Stéphane BLANQUET à l’Abbaye d’AUBERIVE
Voir en ligne : http://abbaye-auberive.com/accueil/
Rêves numériques
“Son univers artistique est issu des cultures des décennies passées : hard rock, tatouage, rap, punk”, écrit Jean-Claude Volot, le collectionneur passionné qui a initié cette exposition à Auberive avec sa fille Alexia. Il faudrait ajouter les films et mangas japonais et bien d’autres univers graphiques qui passionnent cet artiste, devenu éditeur très jeune. Mais sa marginalité artistique sort des limites usuelles par la monumentalité de ses réalisations. Ces formes au graphisme psychédélique se déploient dans des compositions complexes et une technologie savante les transpose dans de grandes tapisseries réalisées informatiquement.
Ce renouveau surprenant de cette technique très ancienne fonctionne bien, car Blanquet a joué avec le pointillisme graphique en reprenant à sa manière le point textile, tout en conservant la grandeur des formats de cette forme d’expression. La série des 40 tapisseries – les drames satyriques- qui lui ont été inspirées des Désastres de la guerre de Goya évoquent de manière saisissante le chaos du monde actuel, car la guerre moderne est encore bien plus destructrice.
Cette technique se retrouve aussi dans des nombreuses sérigraphies, noir et blanc, tricolores bleu-blanc-rouge ; avec cet art du multiple (puisque la plupart des oeuvres qui sont réalisées sur ce mode sont plurielles) Blanquet propose d’entrer dans des univers saturés de formes au sein d’espaces visionnaires, fantastiques, peuplés de fleurs, d’insectes ou d’animaux étranges, et parfois surréalistes mélangeant images réalistes et fantasmes… On retrouve dans tous ces dessins prolifiques et proliférants ce qu’on nomme une horror vacui : chaque espace est empli, saturé par un grouillement de détails organiques qui se superposent, où apparaissent ça et là des corps parfois mutilés. La vision en est alors pertubée par une masse d’informations tellement chargée que le propos de l’artiste devient alors moins narratif que décoratif.
Inventivités plurielles
Blanquet, que les trouvailles optiques et les artifices, les effets visuels proches du théâtre et de la magie, inspirent, a aussi réalisé spécialement pour cette exposition des installations mécaniques (on découvre, par exemple, un porte-bouteille duchampien utilisé dans une installation composite montée sur chariot, incluant des platines pour la sonorisation) ainsi que des sculptures, des installations complexes utilisant des miroirs sans tain qui montrent le savoir-faire multiple de cet artiste.

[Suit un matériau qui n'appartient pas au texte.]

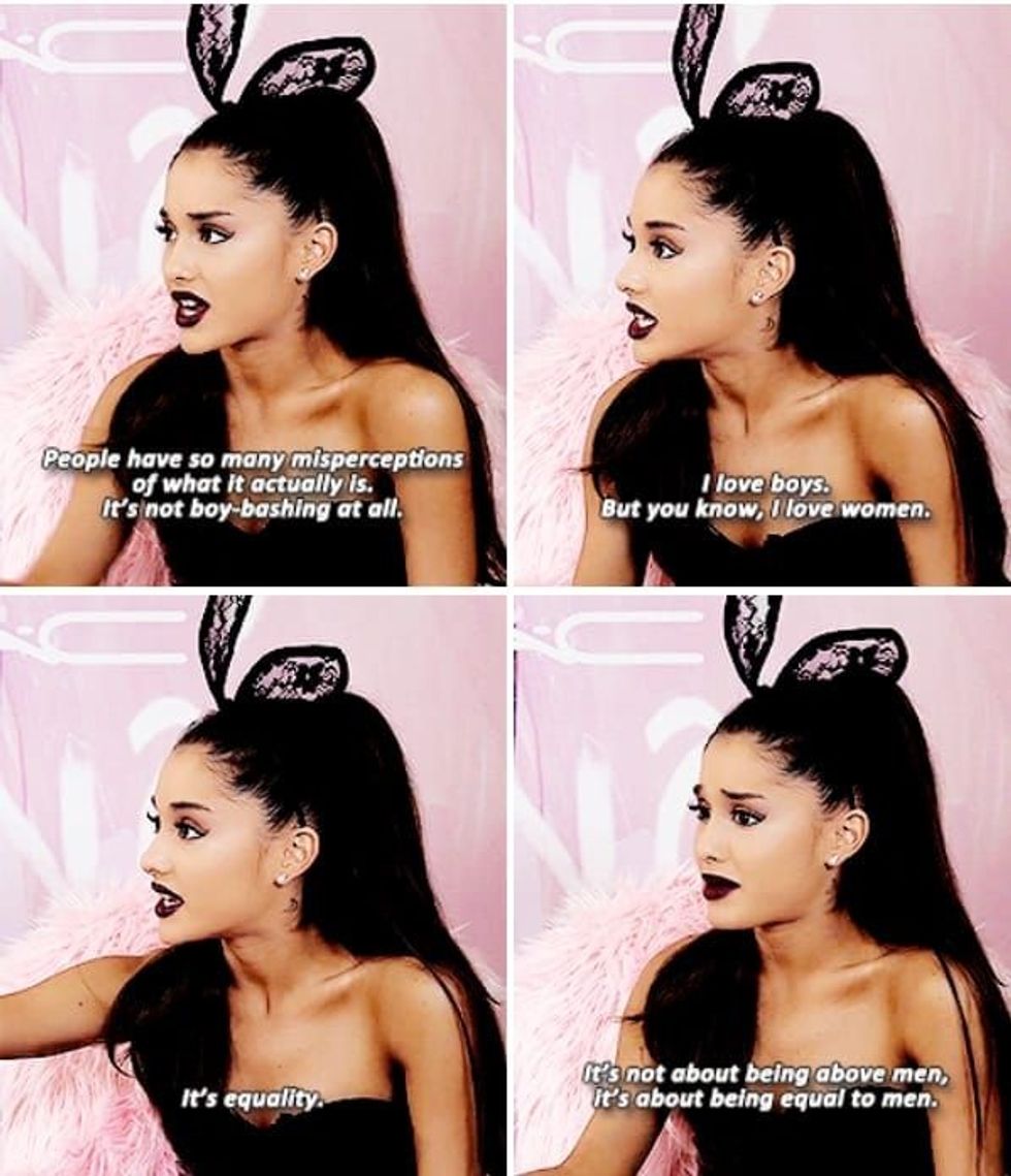 Her beautiful soul is something that any girl can look up to. Ariana is strong, confident, and someone who doesn't let the haters get her down. She isn't afraid to speak her mind, and despite being called a diva sometimes, all she is is a girl in charge. She speaks out for equality and accepts who she is.
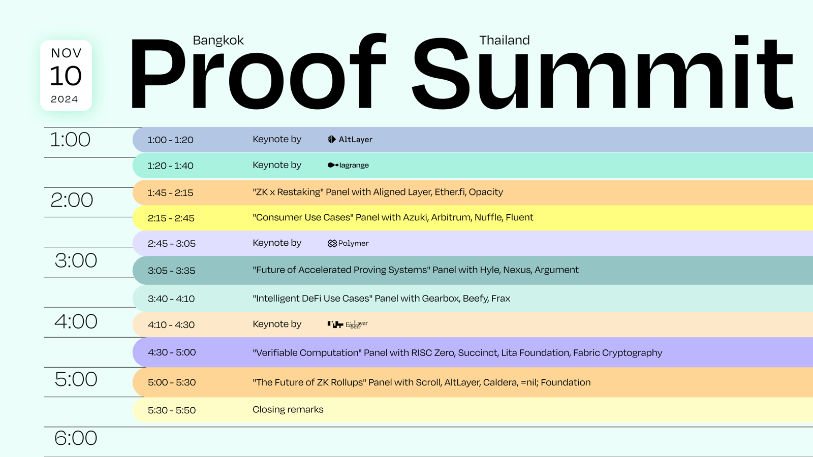 Co-hosted by Lagrange, EigenLayer, AltLayer, Polymer, and Hylé, Proof Summit will bring together industry leaders to explore the future of proving and real world use cases with ZK, restaking and interoperability.
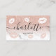 Eine elegante, moderne, stilvolle Visitenkarte mit eleganter Schrift Handschrift Stil Typografie in Weiß auf einem Imitat Rose Gold Glitzer ombre auf modernem weißem Marmorboden und essbare Lippen und Kuss. Wenn Sie eine Anpassung benötigen, zögern Sie nicht, mich zu kontaktieren.
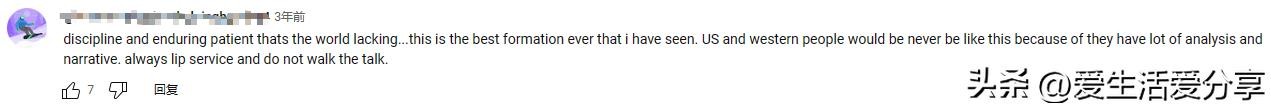 一位外国网友这样评价:来自纪律和持久的耐心是这个世界所缺乏的……这是我所见过的最好的阵型。 美国和西方人永远不会这样,因为他们有很多分析和叙述。 总是口头上说,不说到做到。
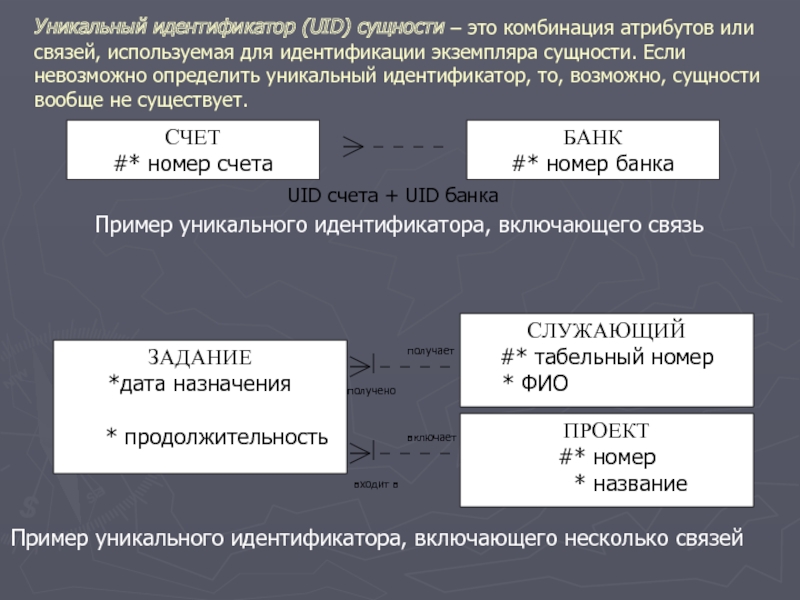 Слайд 6Уникальный идентификатор (UID) сущности – это комбинация атрибутов или связей,
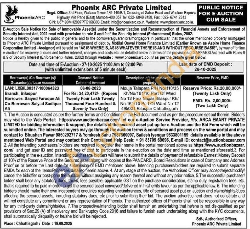 Mouja Talapara P/H No/110/35 Kh/No/161/10 Part Of Ward No 12 Faiz Nagar Bilaspur Kh/No 161/10 Part Of Ward No 12 495001 Bilaspur Chhattisgarh
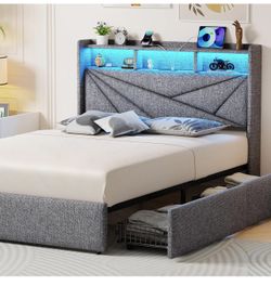 Full Bed frame With 4 Storage Bins, LED, Outlet, New$199Stockton, CA
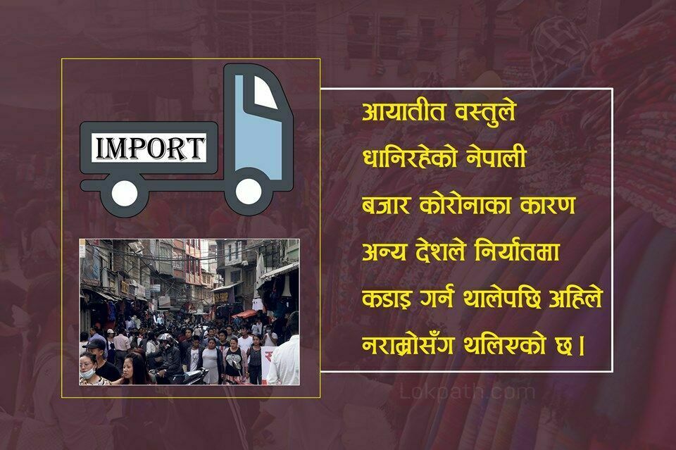आयातीत वस्तुले धानिरहेको नेपाली बजार कोरोनाका कारण अन्य देशले निर्यातमा कडाइ गर्न थालेपछि अहिले नराम्रोसँग थलिएको छ । आयातमा नेपाल सबैभन्दा धेरै निर्भर रहेको राष्ट्र भारतमै कोरोनाको संक्रमण भेटिएपछि नेपाल झन् आतंकित भएको छ । यसको प्रभाव देखिन शुरु भइसकेको छ ।
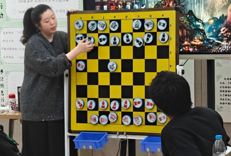 一是教学深度拓展。象棋班结合《适情雅趣》古谱与《孙子兵法》,在“屏风马布局”中透析战略思维;国际象棋班精选世界冠军对局视频,把西西里防御的弹性攻守转化为团队策略沙盘;围棋班教学用磁贴复盘"镇神头"经典手筋,寻找神之一手。

Le clou de l’exposition est une très grande installation, qui a été animée à l’aide de la Compagnie Royal de Luxe, où l’on découvre une figure métallique dans un univers sombre de cages à la Piranèse symbolisant la prison et le jugement. Elle s’intitule Le Tribunal Insoluble. Est-ce pour rappeler que l’abbaye d’Auberive fut en son temps une prison…
Blanquet est aussi fasciné par la 3D, les jeux optiques sur des lentilles qui donnent naissance à des oeuvres fascinantes, y compris en tapisseries anaglyphes… un procédé qui permet aux spectateurs de jouer avec la vision en relief et de rester ébahis devant ces dessins entremêlés, à la limite de l’indistinct, où des formes se détachent alternativement. Car il y a quelque chose de ludique, une verve créative qui emporte l’adhésion. De simples pantins de bois articulés et peints en noir deviennent des drôles de créatures fantastiques. Les visages et les masques deviennent indiscernables. La noirceur trash parfois présente devient un thème gothique amusant, sans véritable cruauté. Ce dessinateur hors pair s’est plu à fabriquer des univers insolites et festifs dans lequel on pénètre progressivement pour les découvrir comme dans un train fantôme. C’est d’ailleurs un train fantôme qu’il avait installé au MAC VAL en 2009.